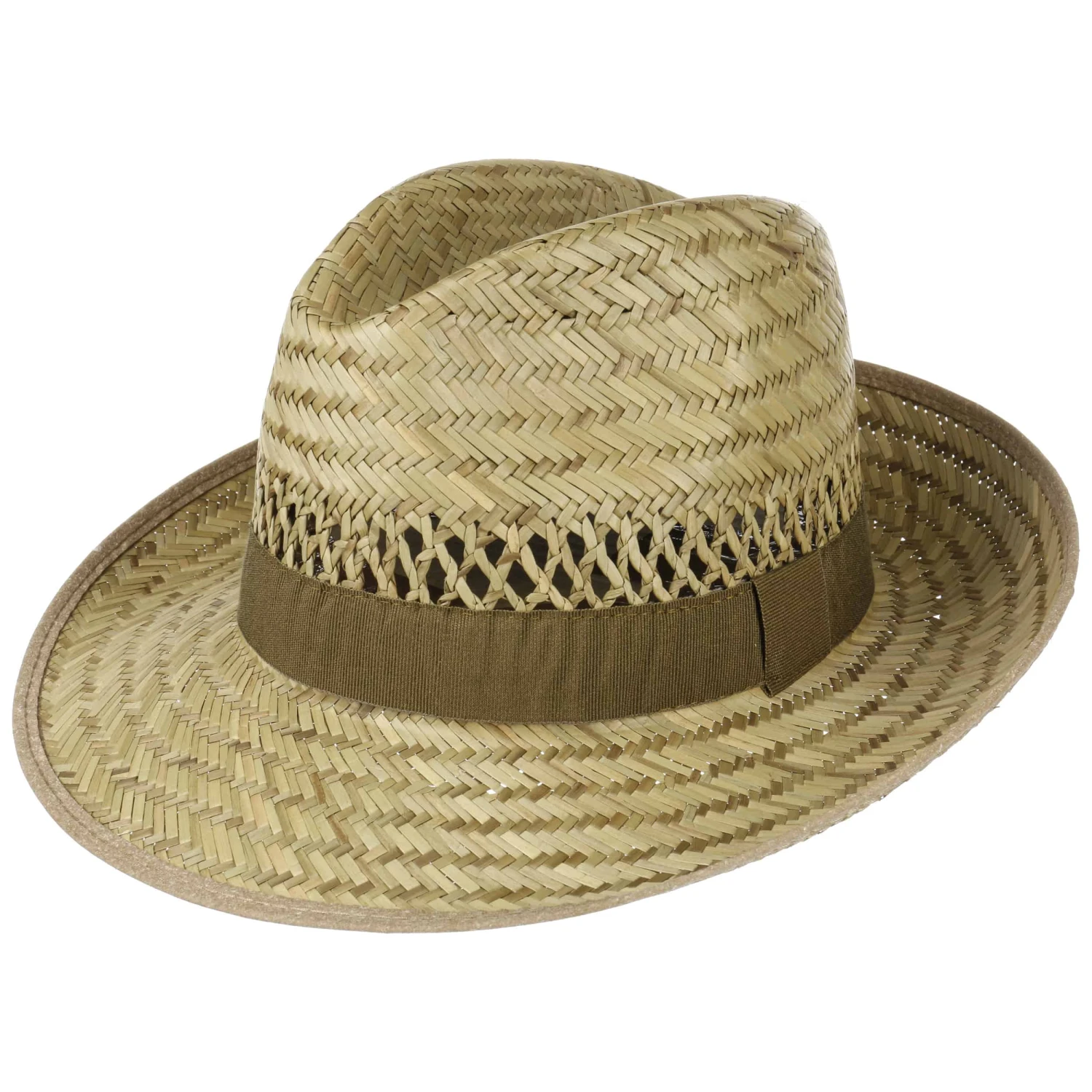 Eine zeitlose Bogartform mit breitem, olivfarbenem Garniturband – auch ideal als Geschenk!
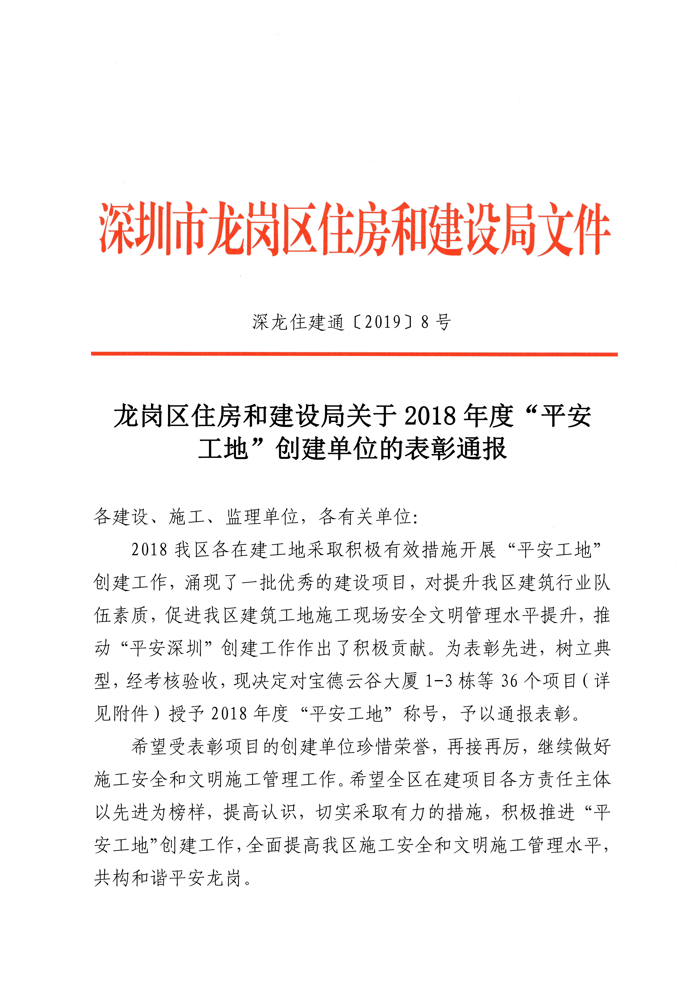 《龍崗區(qū)住房和建設(shè)局關(guān)于 2018 年度“平安工地”創(chuàng)建單位的表彰通報(bào)》
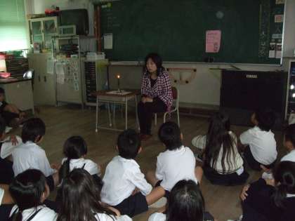 教室の灯りを消し、ろうそくを1本立てた落ち着いた雰囲気で、子ども達はお話の世界に入っています。
■ ■ ■ ■
**What you are asked to do**
Copy out all the data exactly; skip the pictures.

**Problem solution**
 Eine zeitlose Bogartform mit breitem, olivfarbenem Garniturband – auch ideal als Geschenk!
 《龍崗區(qū)住房和建設(shè)局關(guān)于 2018 年度“平安工地”創(chuàng)建單位的表彰通報(bào)》
 教室の灯りを消し、ろうそくを1本立てた落ち着いた雰囲気で、子ども達はお話の世界に入っています。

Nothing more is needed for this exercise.